Embolies systémiques surtout lors de la régularisation. Intérêt de l'écho transœsophagien pour visualiser un thrombus dans l'auricule gauche.
 
Régularisation d'une fibrillation auriculaire
La crise de tachyarythmie paroxystique :
héparine 40 000 I.V.
une ampoule de Cédilanide® intraveineuse (sauf en cas de Wolf-Parkinson-White : Cordarone® I.V.)
ou bien Tildiem® I.V. en association avec Cordarone® I.V.
 
Traitement d'entretien en fonction de l'étiologie.
Régularisation d'une fibrillation auriculaire chronique
 

La préparation : le traitement anticoagulant
La réduction par traitement médical :
La réduction par choc électrique : 300 à 400 Joules sous anesthésie générale. Efficacité : 80 à 90 % des cas.
Traitement d'entretien : prévient les rechutes de fibrillation auriculaire :
soit Flécaïne® : 1/2 comprimé à 8 h et 20 h, si la fonction ventriculaire gauche est bonne et s'il n'existe pas de séquelle d'infarctus
soit Quinidine :
Longacor® : 2 gélules matin et soir
Sérécor® : 1 comprimé matin et soir.
Inconvénient : diarrhée.
soit Rythmodan® à libération prolongée : 1 gélule matin et soir.
Inconvénients : rétention d'urine en cas d'adénome prostatique, troubles de l'accommodation.
soit Cordarone® ou Cipralan® ou Rythmol®
Traitement curatif en cas de Wolf-Parkinson-White : ablation du faisceau de KENT par voie endocavitaire (radiofréquence).
 
Évolution à long terme
La fibrillation auriculaire tend à rechuter malgré les traitements. Lorsqu'elle est installée définitivement : traitement anticoagulant (antivitamines K) + Digoxine ± Cordarone®
 
FLUTTER AURICULAIRE
Définition, pathogénie
Mouvement circulaire de dépolarisation autour de l'orifice des veines caves : macro-réentrée, dont la fréquence est de 300/mn.
 
Aspect électrocardiographique : onde F en dents de scie à 300/mn. Négativité prédominante en DII DIII VF. Pas de retour à la ligne isoélectrique dans ces dérivations.
La fréquence de la réponse ventriculaire est un sous-multiple de 300 : 150, 100, 75 /mn.
La compression carotidienne ralentit la fréquence ventriculaire et démasque les ondes F.
 
Flutter auriculaire
 
Flutter auriculaire
 
Signes cliniques : dyspnée d'effort croissante.
 
Étiologie : cardiopathie hypertensive ou coronarienne, rétrécissement mitral, poussée d'insuffisance respiratoire, communication interauriculaire, Wolf-Parkinson-White.
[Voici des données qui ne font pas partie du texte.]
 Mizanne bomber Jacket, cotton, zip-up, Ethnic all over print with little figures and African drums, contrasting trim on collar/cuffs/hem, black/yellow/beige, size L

Idiopathique dans 25 % des cas.
Il est indispensable de pratiquer un échocardiogramme pour rechercher une étiologie;
 
Traitement,
toujours sous Héparine : 3 jours avant réduction, 3 jours après.
Soit Cédilanide® I.V.,
soit Digoxine® 1/2 comprimé 5 jours/7 + Cordarone® 1 comprimé 5 jours/7,
soit choc électrique ; efficacité 100 %.
Entretien : Digoxine®, ou Flécaïne®, ou Quinidine® ou Cordarone®.
On propose, dans les flutters récidivants, une étude électrophysiologique et un traitement curatif : ablation par radiofréquence.
 
TACHYSYSTOLIE
Définition : Tachycardie atriale ectopique à 220/mn, avec bloc variable. Le rythme ventriculaire est autour de 110.
 
MALADIE DE L'OREILLETTE OU MALADIE RYTHMIQUE AURICULAIRE
Définition : alternance de bradycardies sinusales ou non et de tachycardies supra- ventriculaires. Diagnostic fait facilement par enregistrement Holter.
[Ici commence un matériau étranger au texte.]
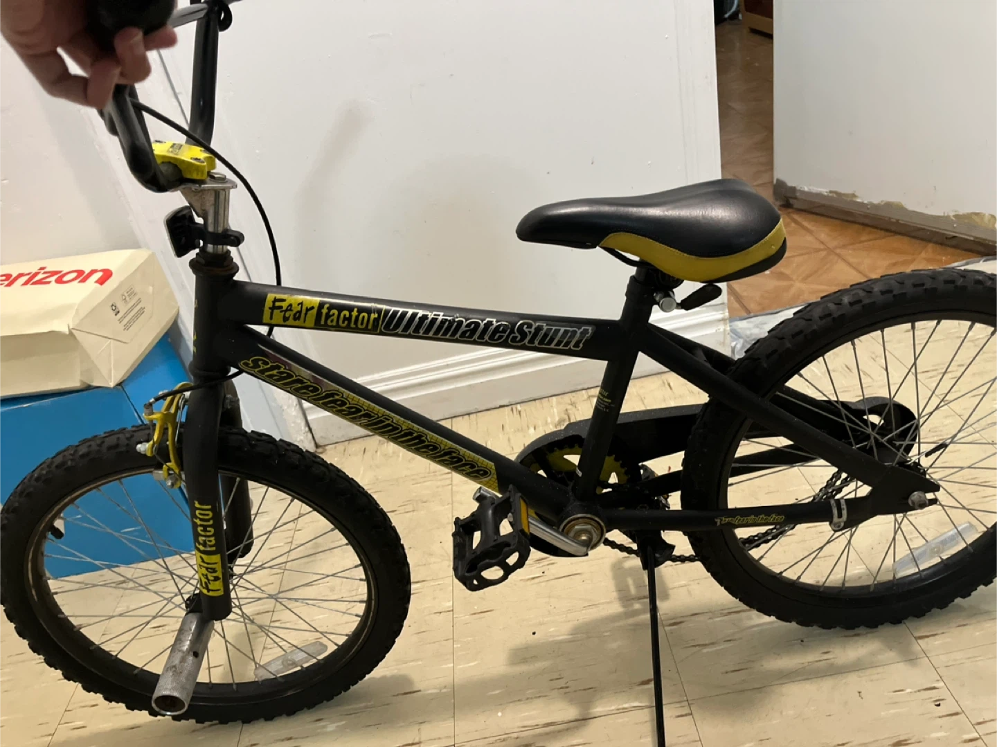 Selling a Fear Factor Ultimate Stunt bike. It features a black frame with yellow accents. Great for learning new tricks! (Chain needs to be fixed)

Symptômes : malaises lipothymiques, vertiges, rarement syncopes.
Traitement : Pacemaker + antiarythmique.
 
TRAITEMENT
Traitement des tachycardies supraventriculaires (en dehors des syndromes de préexcitation), fibrillation auriculaire, flutter auriculaire, tachycardie sinusale, et chaque fois qu'un ß bloquant de très courte durée d'action est nécessaire : esmolol I.V. (Brévibloc®).
Injection I.V. d'une dose de charge de 500 µg/kg/mn en 1 mn, puis perfusion d'une dose d'entretien de 50 µg/kg/mn, en 4 mn, tant que l'effet thérapeutique recherché n'est pas atteint. Recommencer en séquences de 5 mn, en augmentant la dose d'entretien, à chaque séquence, par palier de 50 µg/kg/mn, sans dépasser 200 µg/kg/mn.
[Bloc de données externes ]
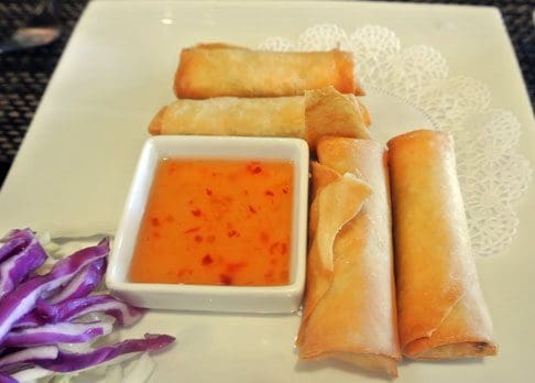 11 October 2014: The Fall specials menu in 2014 included chicken spring rolls, a terrific option you don’t see very often in a pork or vegetable dominated spring roll market. The chicken spring rolls, four to an order, are engorged with chicken, cabbage and onion and are served with a housemade sweet and sour sauce. As with many Thai spring rolls, these are fried to a golden hue, leaving the wrapper crispy. There’s a nice balance, both in quality and in flavor accentuation, between minced chicken and vegetables. Alas the “sweet and sour” sauce is a misnomer in that sweet is the dominant taste (to an extreme extent). The chicken spring rolls deserve better.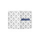Passport holder for kids with a clean minimalist polar bear pattern with in black and white with cute paw prints. Each polar bear has a paw print like a crown above its head. Add your child's name on the dark blue label.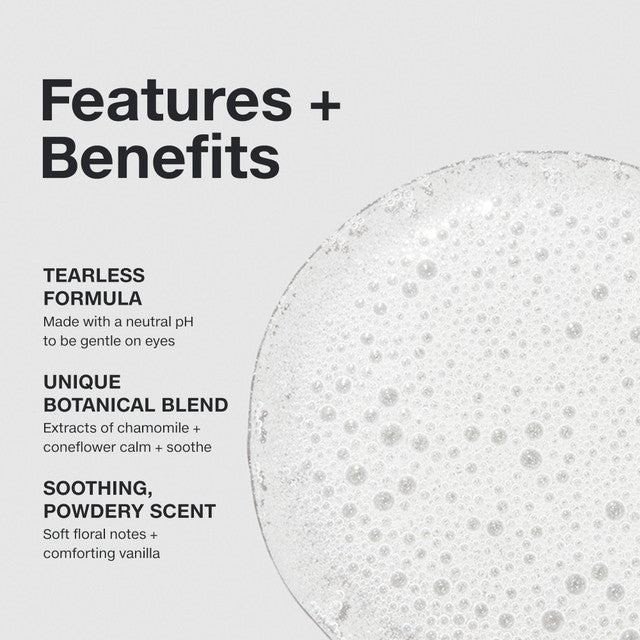 Mild cleansers and a neutral pH create a tearless formula. A unique blend of extracts helps to hydrate and prevent moisture loss, while chamomile and cornflower extract calm and soothe.

En cas de tachycardie per et post opératoire, même protocole, mais pouvant aller jusqu'à 300 µg/kg/mn.
 

LES TROUBLES DE L'EXCITABILITÉ VENTRICULAIRE

EXTRASYSTOLES VENTRICULAIRES
Définition
Contraction ventriculaire prématurée, correspondant à une hyperexcitabilité focale.
 
Symptôme
Impression d'un battement cardiaque manquant, le sujet percevant l'extrasystole, puis le repos compensateur, enfin la systole physiologique qui suit.
 
Diagnostic
L'électrocardiogramme permet de distinguer l'extrasystole sous forme d'un complexe prématuré, large = 120 ms, non précédé d'une onde P, et suivi d'un repos compensateur.
 
Extrasytoles ventriculaires unifocales
 
Extrasytoles ventriculaires multifocales
 
Extrasytoles ventriculaires bigéminées
 
Caractéristiques des extrasystoles ventriculaires et critères de gravité
Fréquence > 10/mn
polymorphes
répétitives : doublets, triplets, salves
prématurité plus ou moins importante jusqu'aux extrasystoles R/T.
 
Signification en fonction du contexte
Extrasystoles du jeune, sur cœur sain, bénignes
Extrasystoles dangereuses : risque de tachycardie ventriculaire et de fibrillation ventriculaire.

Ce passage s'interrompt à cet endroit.